Maybe being in first place isn’t everything. 

It reminds me of the story of a 46-year-old amateur runner named Red Hilton, from East Bridgewater, who last April competed in her very first Boston Marathon. She ran for a cause and through her courageous effort to complete that 26.2-mile race, she raised more than $6,000 for the Boston Medical Center. And she was in last place. She was the very last runner, out of more than 33,000, to cross the finish line on Boylston Street. She did so more than nine hours after leaving Hopkinton.
To me, that absolutely makes her a winner, a big winner, a brave winner, who stuck to it and finally made it all the way.  There to greet her, in the chill of a spring evening was her son, who embraced her with a big hug and was so doubt very proud of his Mom.
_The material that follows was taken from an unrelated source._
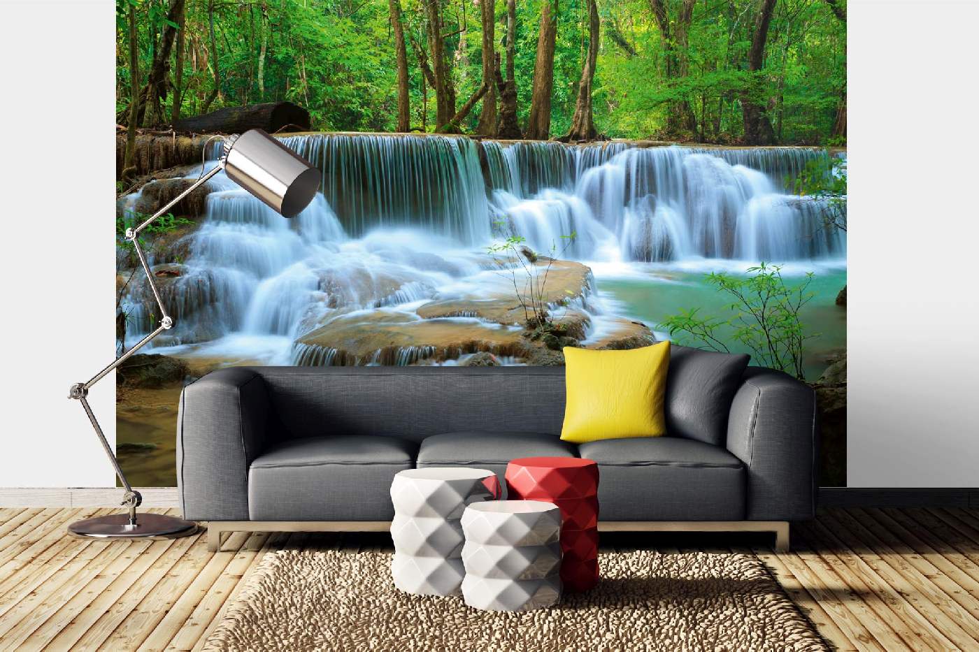 Vlies Fototapete - Wasserfall im tiefen Wald 375 x 250 cm

A wise teacher of religion long ago proclaimed that the first shall be last and the last shall be first; that anyone who wants to be first in the eyes of God, must go to the very back of the line, in humility and service to others. In a world that is forever lionizing first-place finishers—the very rich, the multiple award winners, the pompous self-promoters, the selfie-taking celebs convinced that they are “all that”—it’s important to remember the rest of the folks in line. The average, the low key, the humble, the servants, the poor, the quiet, all the folks who just show up and suit up and participate every day.      

At day’s end I finally rode into Bourne nine and a half hours after I left Wellesley. I wasn’t last.  After showering, I walked back out to the finish line and saw a handful of folks waiting and they told me there was one final rider about to arrive. He’d started 12 hours earlier. They lined up with big smiles, ready to applaud him when he finished.

The last shall be first. The first shall be last.